• [Task goal] What is needed is an exact copy of the lines from the start of the records below through the line with "Ce Balise Call", without the pictures.

• [Material for this exercise]

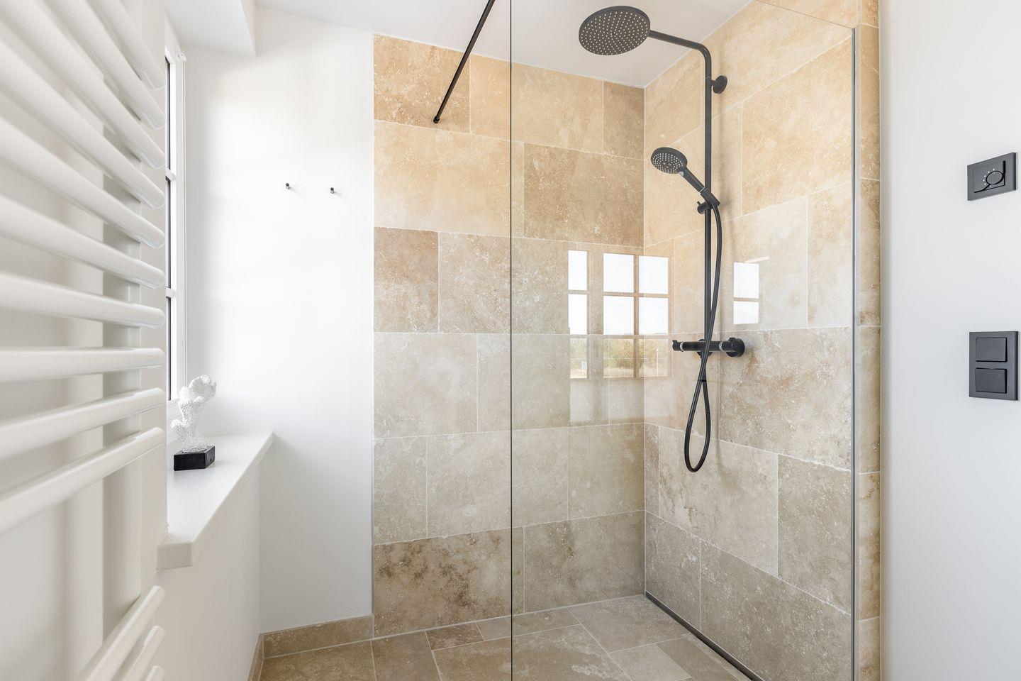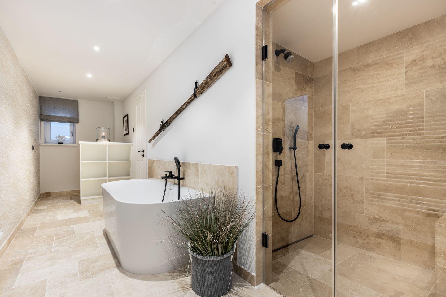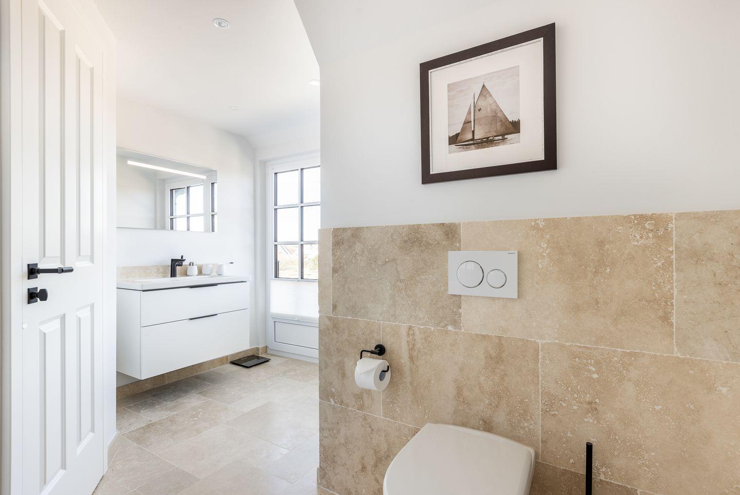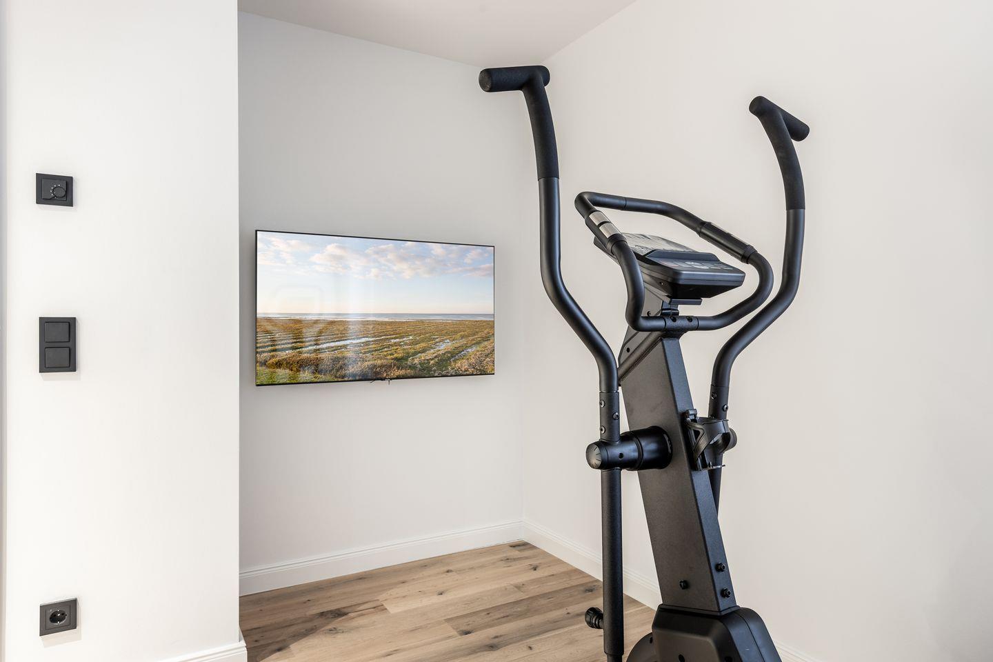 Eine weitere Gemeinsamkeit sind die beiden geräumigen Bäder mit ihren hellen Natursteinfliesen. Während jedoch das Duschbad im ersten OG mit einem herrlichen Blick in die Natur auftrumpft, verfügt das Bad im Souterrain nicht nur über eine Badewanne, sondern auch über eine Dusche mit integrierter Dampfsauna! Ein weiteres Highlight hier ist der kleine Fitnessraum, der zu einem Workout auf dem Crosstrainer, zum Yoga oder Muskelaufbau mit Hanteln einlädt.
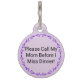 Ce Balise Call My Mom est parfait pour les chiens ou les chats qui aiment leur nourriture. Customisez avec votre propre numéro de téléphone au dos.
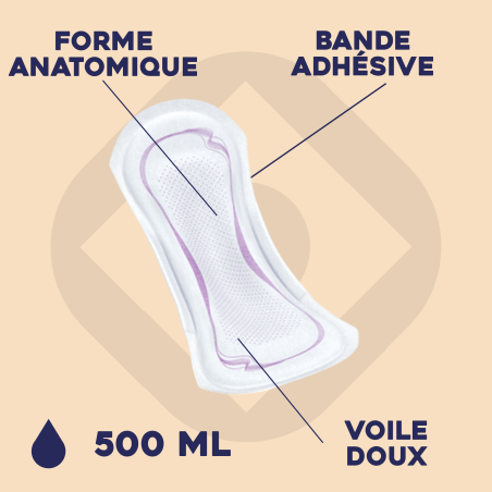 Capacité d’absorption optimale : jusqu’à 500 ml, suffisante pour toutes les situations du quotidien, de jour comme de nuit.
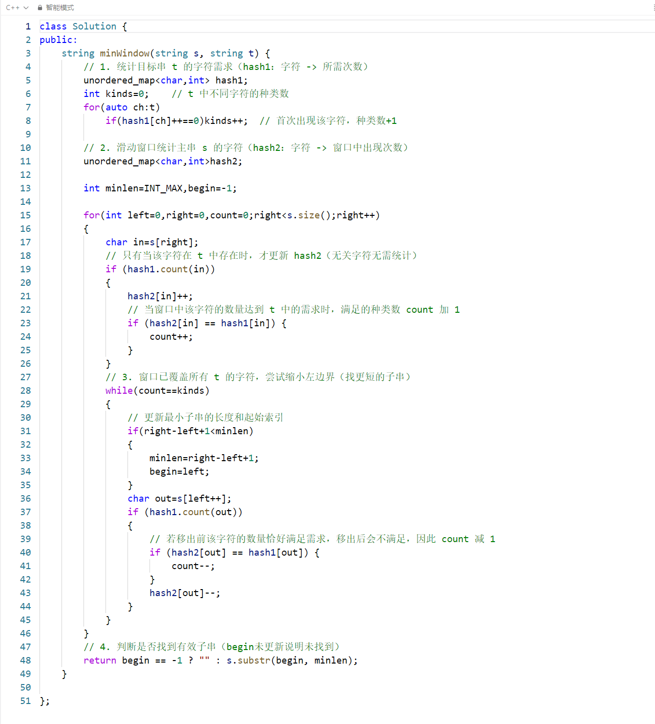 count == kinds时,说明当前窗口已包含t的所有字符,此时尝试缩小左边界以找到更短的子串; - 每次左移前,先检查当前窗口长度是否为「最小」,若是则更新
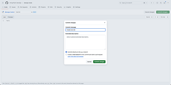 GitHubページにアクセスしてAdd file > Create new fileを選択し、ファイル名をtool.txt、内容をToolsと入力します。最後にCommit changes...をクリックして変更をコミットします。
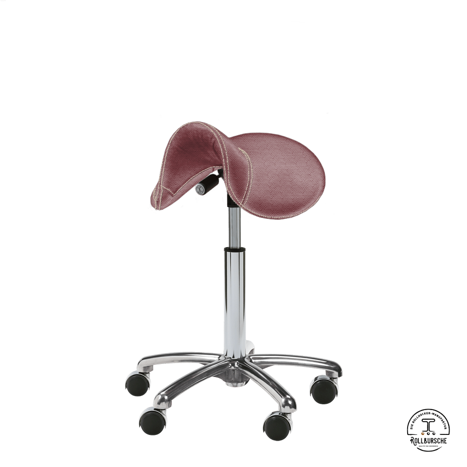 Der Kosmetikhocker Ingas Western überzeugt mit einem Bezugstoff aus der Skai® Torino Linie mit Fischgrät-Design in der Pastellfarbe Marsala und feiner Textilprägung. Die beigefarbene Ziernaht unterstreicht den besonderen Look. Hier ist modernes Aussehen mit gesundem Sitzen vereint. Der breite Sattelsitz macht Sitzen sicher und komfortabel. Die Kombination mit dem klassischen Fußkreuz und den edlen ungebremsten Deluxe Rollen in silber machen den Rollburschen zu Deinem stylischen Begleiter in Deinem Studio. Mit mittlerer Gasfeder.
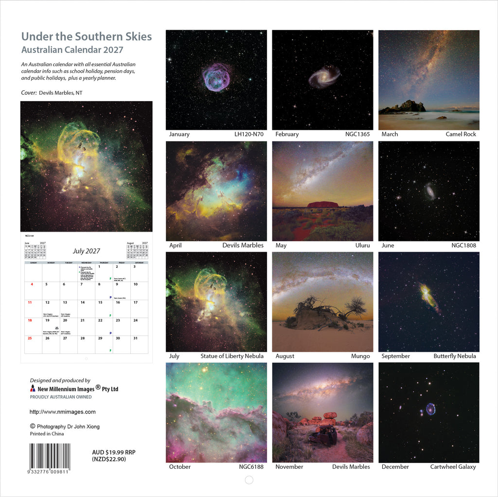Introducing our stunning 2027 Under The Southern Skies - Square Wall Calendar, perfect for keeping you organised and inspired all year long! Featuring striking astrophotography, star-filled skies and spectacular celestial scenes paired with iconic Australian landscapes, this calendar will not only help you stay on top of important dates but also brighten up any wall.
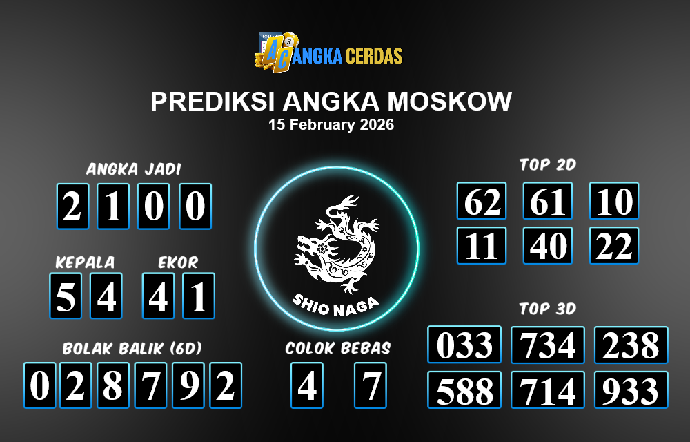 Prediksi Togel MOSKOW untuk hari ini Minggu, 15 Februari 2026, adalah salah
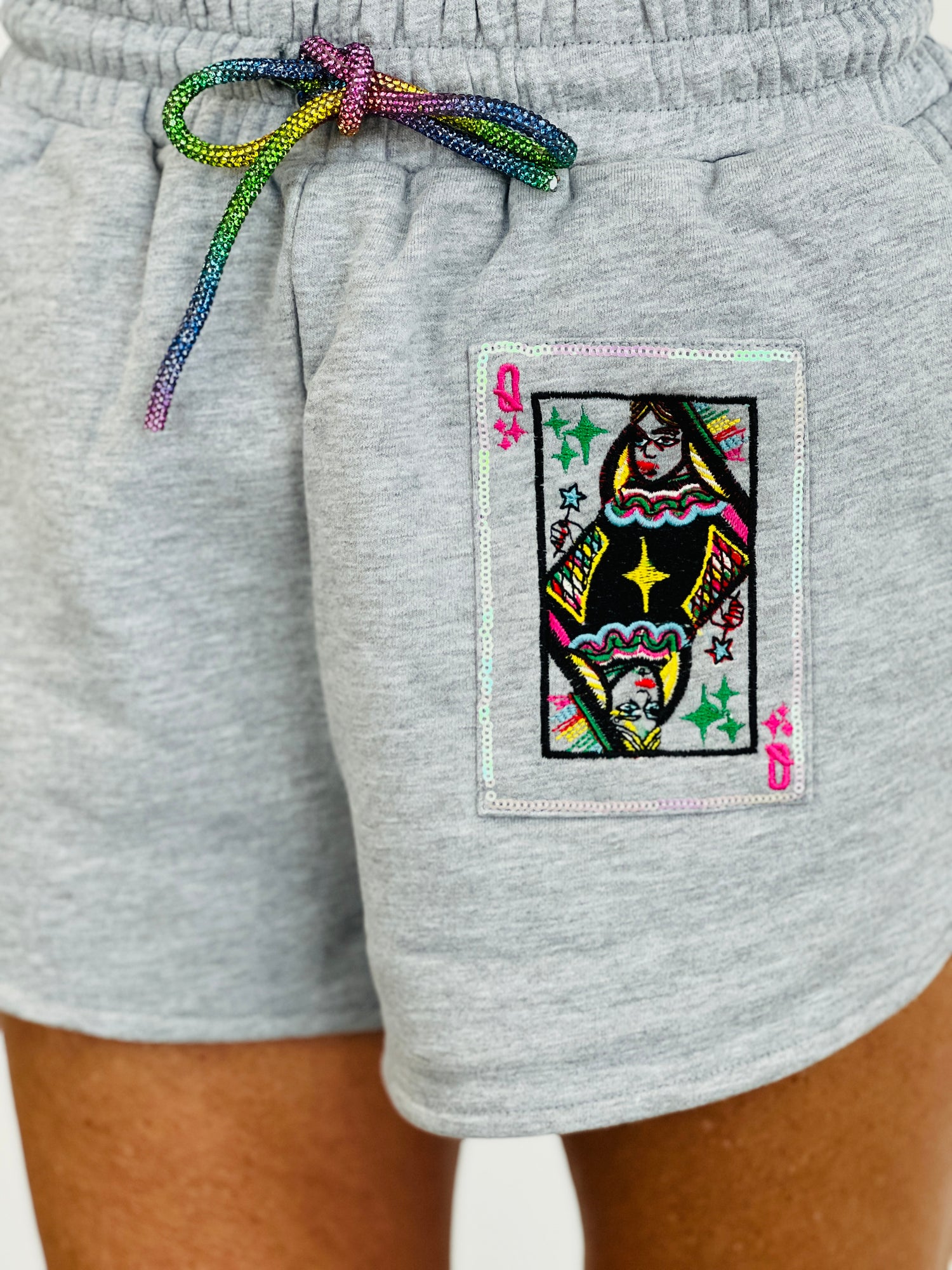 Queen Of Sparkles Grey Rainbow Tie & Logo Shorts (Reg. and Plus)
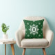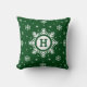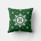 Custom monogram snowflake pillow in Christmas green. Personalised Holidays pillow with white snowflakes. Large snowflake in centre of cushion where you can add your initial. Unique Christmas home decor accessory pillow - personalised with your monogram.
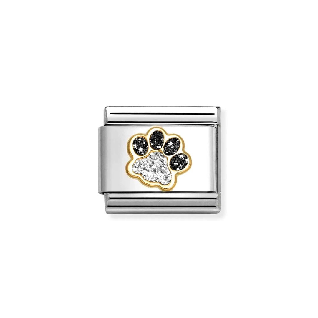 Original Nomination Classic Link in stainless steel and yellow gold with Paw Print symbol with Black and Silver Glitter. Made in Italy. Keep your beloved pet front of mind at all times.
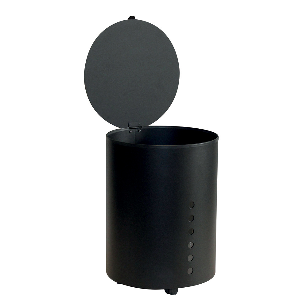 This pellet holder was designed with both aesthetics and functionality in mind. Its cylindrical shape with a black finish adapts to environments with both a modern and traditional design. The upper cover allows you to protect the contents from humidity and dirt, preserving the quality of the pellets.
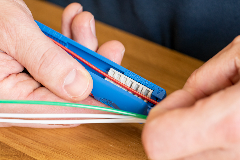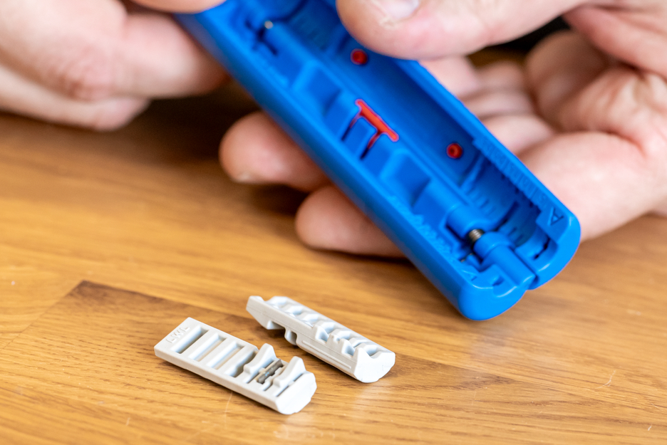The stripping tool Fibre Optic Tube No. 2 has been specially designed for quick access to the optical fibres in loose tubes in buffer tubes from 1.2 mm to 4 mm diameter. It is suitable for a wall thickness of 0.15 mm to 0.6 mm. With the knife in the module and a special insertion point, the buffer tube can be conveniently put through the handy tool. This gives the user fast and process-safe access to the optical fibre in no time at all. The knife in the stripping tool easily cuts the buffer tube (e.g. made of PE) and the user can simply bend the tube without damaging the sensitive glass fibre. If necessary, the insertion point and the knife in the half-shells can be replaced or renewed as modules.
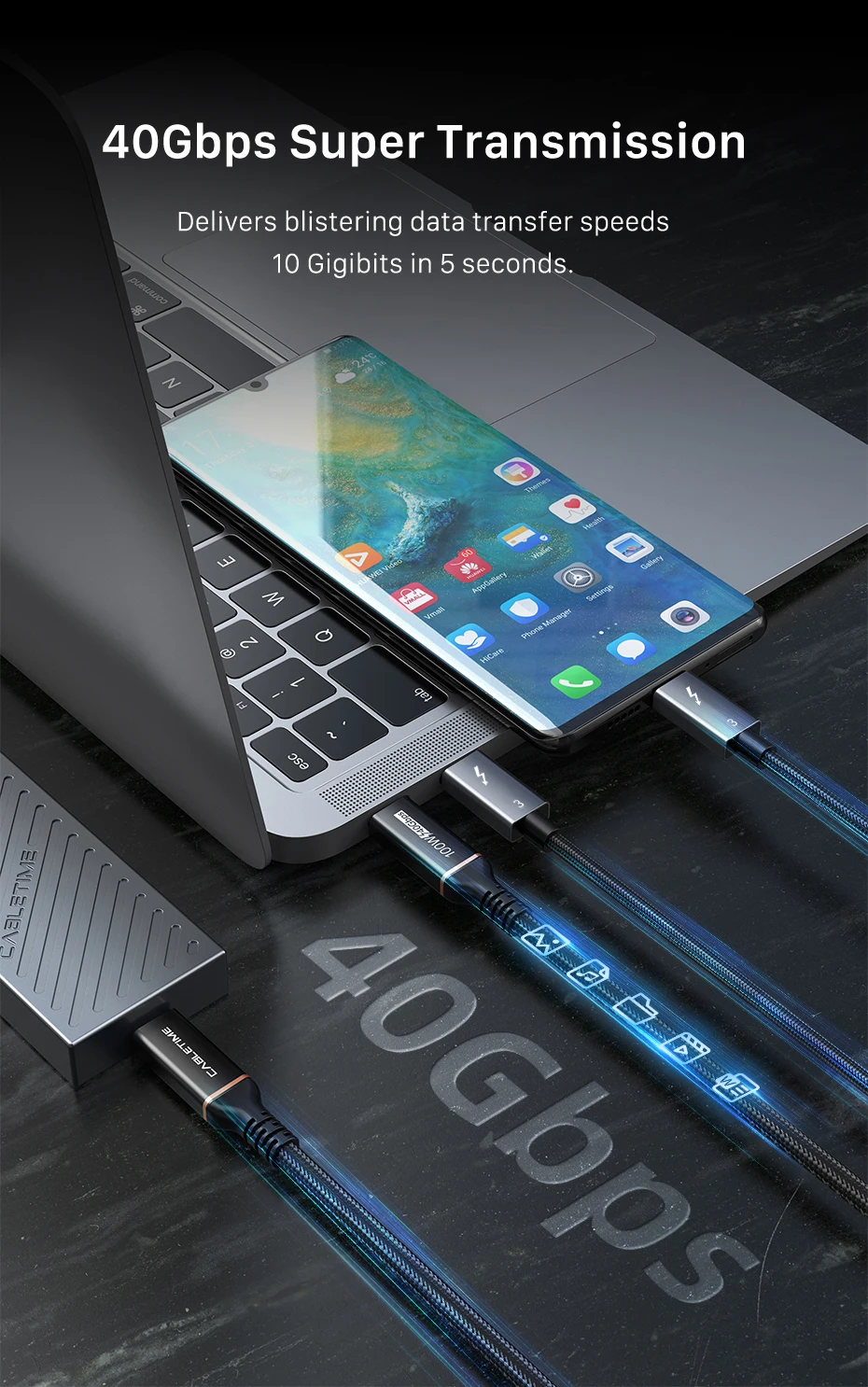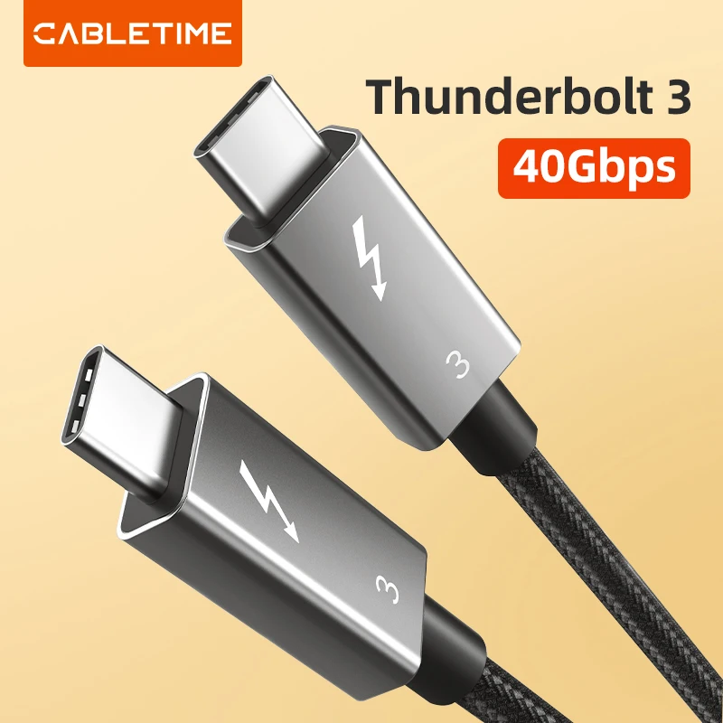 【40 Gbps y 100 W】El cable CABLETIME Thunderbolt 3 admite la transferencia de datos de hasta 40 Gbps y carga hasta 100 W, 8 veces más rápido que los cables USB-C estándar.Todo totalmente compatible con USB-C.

• [Result of this task]
 Eine weitere Gemeinsamkeit sind die beiden geräumigen Bäder mit ihren hellen Natursteinfliesen. Während jedoch das Duschbad im ersten OG mit einem herrlichen Blick in die Natur auftrumpft, verfügt das Bad im Souterrain nicht nur über eine Badewanne, sondern auch über eine Dusche mit integrierter Dampfsauna! Ein weiteres Highlight hier ist der kleine Fitnessraum, der zu einem Workout auf dem Crosstrainer, zum Yoga oder Muskelaufbau mit Hanteln einlädt.
 Ce Balise Call My Mom est parfait pour les chiens ou les chats qui aiment leur nourriture. Customisez avec votre propre numéro de téléphone au dos.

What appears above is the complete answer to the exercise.